Le tribunal de commerce de Nanterre, statuant en référé le 25 juillet 2025, a examiné une demande en paiement de créances. Le demandeur sollicitait le règlement de factures de prestations et d’une facture de préavis contractuel. Le juge des référés a rendu une ordonnance accordant une provision sur la créance non sérieusement contestable. Il a également alloué une indemnité sur le fondement de l’article 700 du code de procédure civile.

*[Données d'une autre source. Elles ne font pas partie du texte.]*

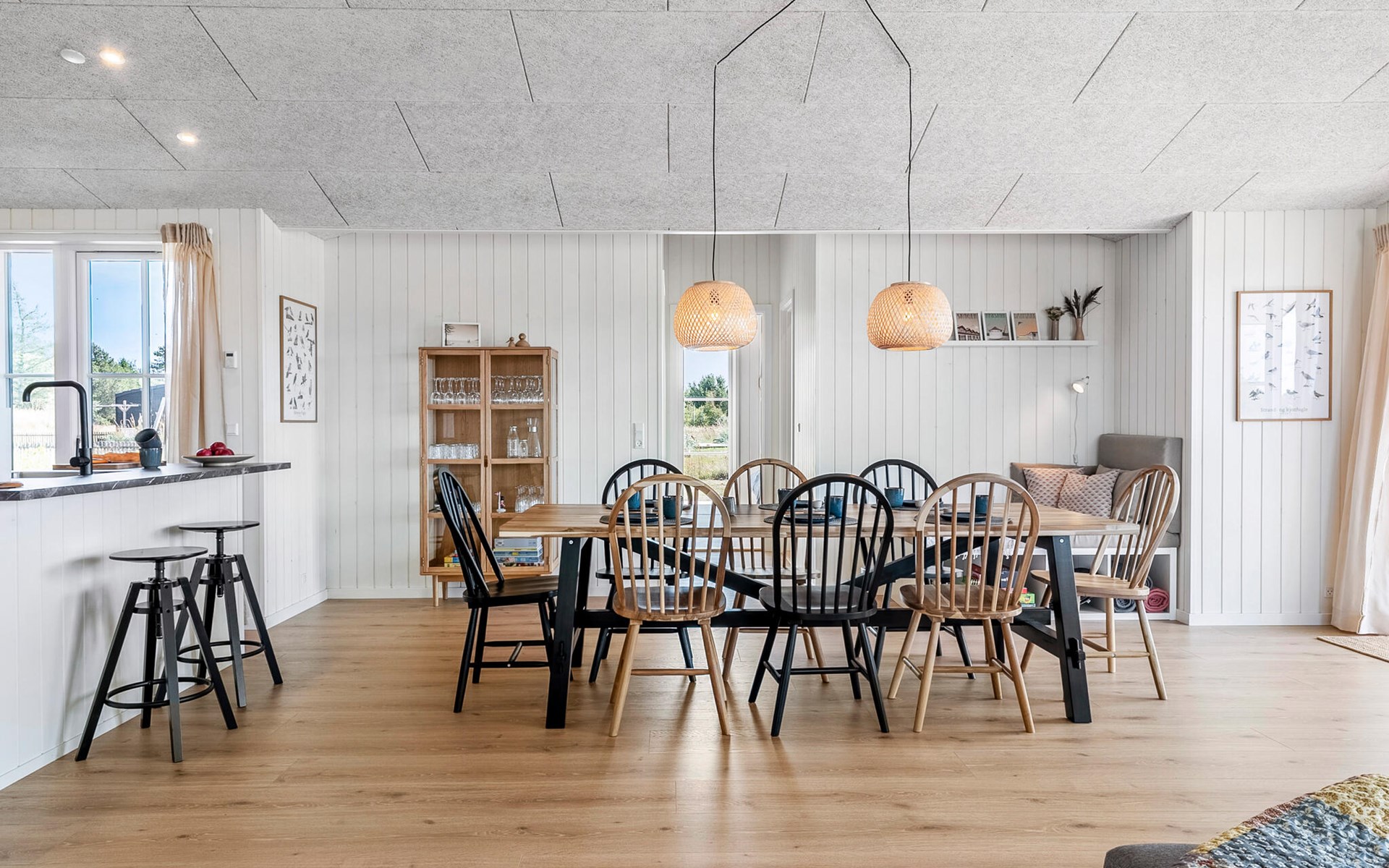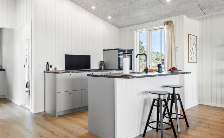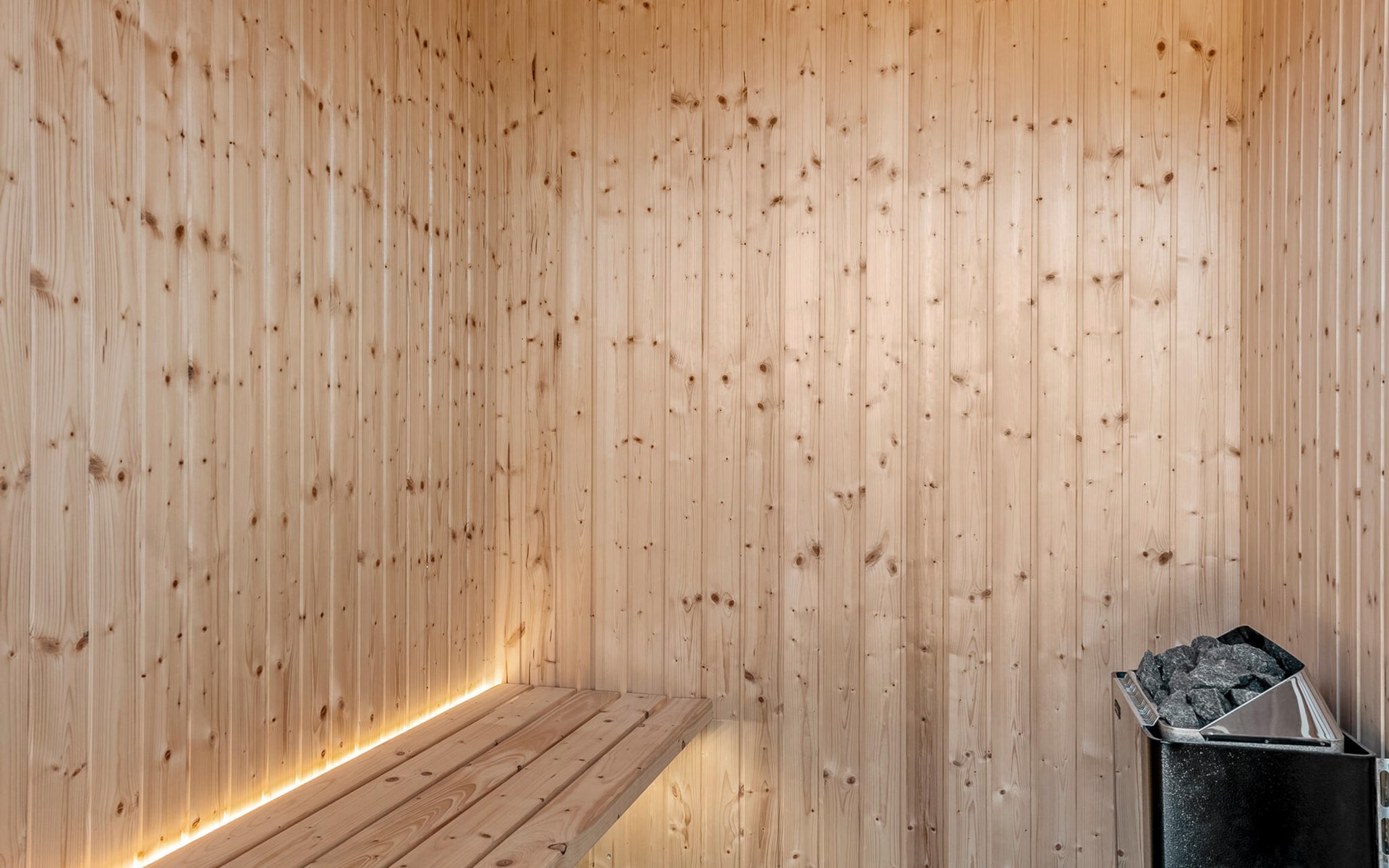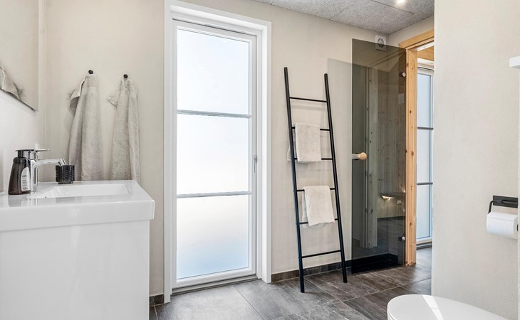 Een geslaagde combinatie van helder design en lichtgekleurd hout geeft dit huis een uitnodigende en harmonieuze uitstraling. Ramen van vloer tot plafond zorgen voor veel helder daglicht, terwijl de goed uitgeruste keuken uitnodigt om samen te koken. Hier vind je een plek waar je tot rust kunt komen en ontspannen dagen kunt doorbrengen, of je nu naar muziek luistert, kletst of opwarmt in de sauna.

L’exigence d’une absence de contestation sérieuse
Le juge constate l’établissement probant de la créance. Les pièces versées aux débats, notamment le contrat et les factures impayées, ne sont pas contestées. Ces éléments « établissent la réalité de la créance dont le paiement est réclamé » (Motifs, Sur la demande principale). Ils suffisent ainsi à fonder la décision du juge des référés. La provision est accordée car la demande « ne se heurte à aucune contestation sérieuse » (Motifs, Sur la demande principale). Cette analyse rappelle que le référé-provision exige une créance peu discutable. La jurisprudence exige une démonstration probante par le demandeur. « La société IOT EXPRESS DISTRIBUTION et la société IOT EXPRESS R&D ne fournissent au soutien de leur demande aucune pièce de nature à soutenir leurs allégations » (Tribunal de commerce de Nanterre, le 10 juillet 2025, n°2025R00593). A l’inverse, la production de documents probants est essentielle. « La société With development justifie de la réalité de la créance qu’elle revendique […] par la production d’un devis […] d’une facture […] d’un échange de mails » (Cour d’appel de Paris, le 13 février 2025, n°24/09489). La décision illustre l’importance de la force probante des pièces versées.
Les conséquences procédurales du défaut de contestation
L’absence de contestation sérieuse entraîne une condamnation provisionnelle. Le juge ordonne le paiement de la facture de préavis avec intérêts de retard. Il prononce également la capitalisation des intérêts au profit du créancier. Le défendeur est condamné aux dépens et à une indemnité forfaitaire. Le refus de régler une dette non contestable justifie une condamnation sur l’article 700. « Le défendeur, en ne réglant pas une dette qui n’est pas sérieusement contestable, a obligé le demandeur à exposer des sommes » (Motifs, Sur l’article 700 du Code de Procédure Civile). Le juge estime donc équitable d’allouer une indemnité de mille euros. Cette sanction procédurale vise à compenser les frais exposés injustement. Elle souligne les risques d’une défense dilatoire face à une créance établie. L’exécution provisoire de droit accélère le recouvrement pour le créancier. La décision garantit ainsi une protection efficace des créances certaines et liquides.